Instructions to follow:
Where a picture occurs in the data, omit it, and copy all remaining data exactly.

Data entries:
┌────────
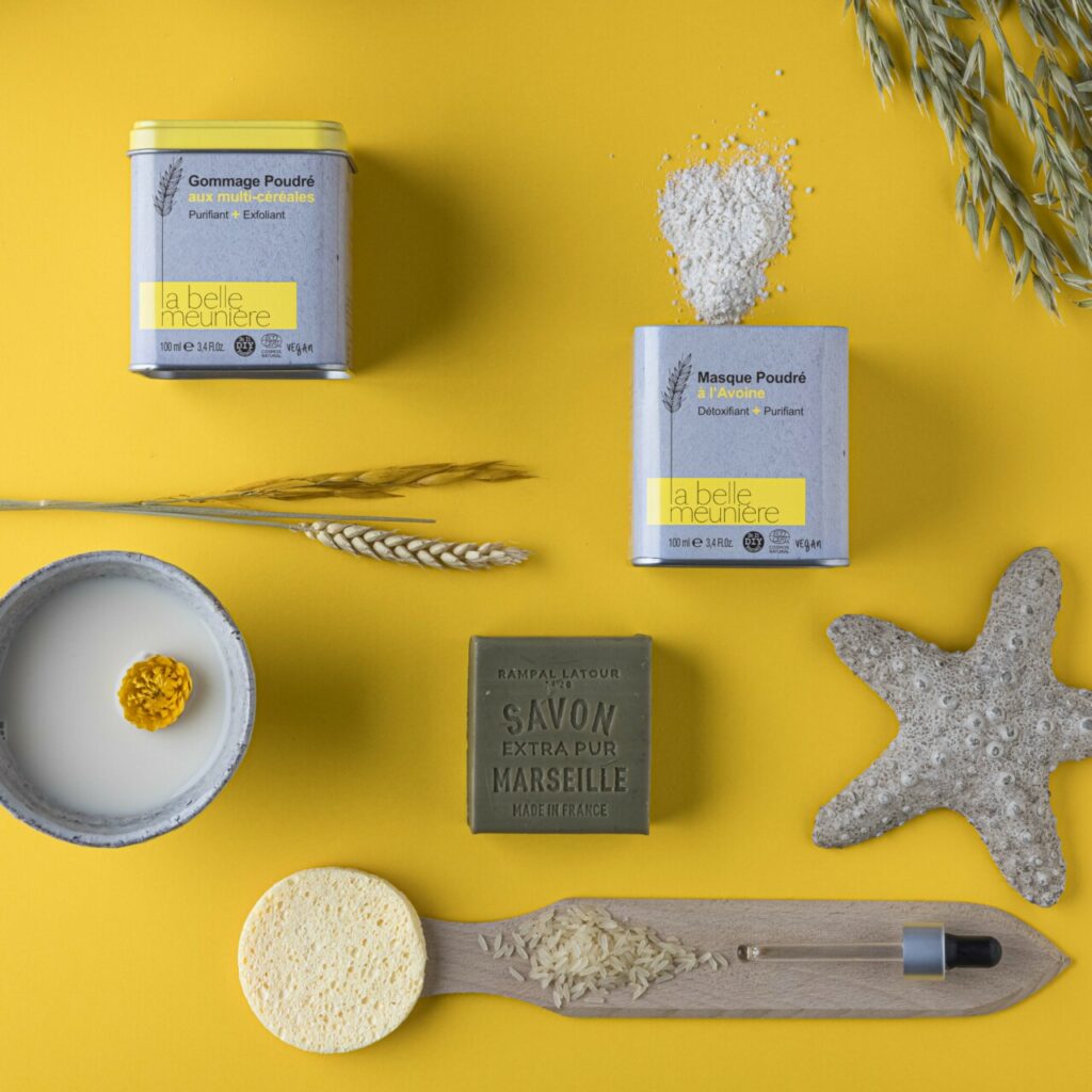 Les marques de cosmétiques sont de plus en plus nombreuses à exploiter les pouvoirs des céréales, les intégrant progressivement dans leurs formules. Certaines en ont même fait leur ADN. C’est le cas de La Belle Meunière, qui se revendique comme la première ligne de soins cosmétiques aux céréales issues de l’agriculture biologique française. Du masque au gommage en passant par le soin hydratant, le sérum éclat, ou l’huile démaquillante, la marque propose tout le nécessaire pour une routine complète avec la possibilité, pour certains produits, de les réaliser soi-même en mode DIY. Le tout garanti naturel, végan, made in France, et 100% transparent.
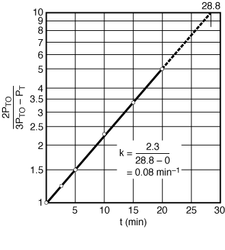 If the reaction is first order, a plot of versus t should be linear. After completing Table CDE5-1.2 using the raw data, a plot of as a function of time is made using semilog paper as shown in Figure CDE5-1.3. From the plot we see that is indeed linear with time, and we therefore conclude that the decomposition of di-tert-butyl peroxide follows first-order kinetics. From the slope of the plot in Figure CDE5-1.3, we can determine the specific reaction rate, k = 0.08 min -1 |
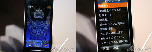除了电池的残量和电波状况的表示有所不同以外,也收录了许多阿姆罗的名台词等音效。
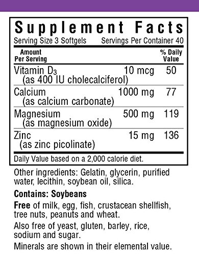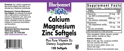 Bluebonnet's Calcium Magnesium Plus Zinc helps support optimal bone health. May help reduce the risk of osteoporosis, and helps support healthy muscle contraction. These softgels are specially formulated with a high potency combination of calcium, magnesium, zinc, copper, and boron. Plus L-glutamic acid and horsetail powder. Available in easy-to-swallow softgels for maximum assimilation and absorption.Feature
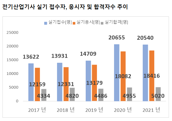 안녕하세요? 오늘은 전기산업기사 합격률 및 전기산업기사 실기 필기 응시자수 추이에 대해 연도별로 자세하게 알아보겠습니다.
└────────
Exercise response:
 Les marques de cosmétiques sont de plus en plus nombreuses à exploiter les pouvoirs des céréales, les intégrant progressivement dans leurs formules. Certaines en ont même fait leur ADN. C’est le cas de La Belle Meunière, qui se revendique comme la première ligne de soins cosmétiques aux céréales issues de l’agriculture biologique française. Du masque au gommage en passant par le soin hydratant, le sérum éclat, ou l’huile démaquillante, la marque propose tout le nécessaire pour une routine complète avec la possibilité, pour certains produits, de les réaliser soi-même en mode DIY. Le tout garanti naturel, végan, made in France, et 100% transparent.
 If the reaction is first order, a plot of versus t should be linear. After completing Table CDE5-1.2 using the raw data, a plot of as a function of time is made using semilog paper as shown in Figure CDE5-1.3. From the plot we see that is indeed linear with time, and we therefore conclude that the decomposition of di-tert-butyl peroxide follows first-order kinetics. From the slope of the plot in Figure CDE5-1.3, we can determine the specific reaction rate, k = 0.08 min -1 |
除了电池的残量和电波状况的表示有所不同以外,也收录了许多阿姆罗的名台词等音效。
 Bluebonnet's Calcium Magnesium Plus Zinc helps support optimal bone health. May help reduce the risk of osteoporosis, and helps support healthy muscle contraction. These softgels are specially formulated with a high potency combination of calcium, magnesium, zinc, copper, and boron. Plus L-glutamic acid and horsetail powder. Available in easy-to-swallow softgels for maximum assimilation and absorption.Feature
 안녕하세요? 오늘은 전기산업기사 합격률 및 전기산업기사 실기 필기 응시자수 추이에 대해 연도별로 자세하게 알아보겠습니다.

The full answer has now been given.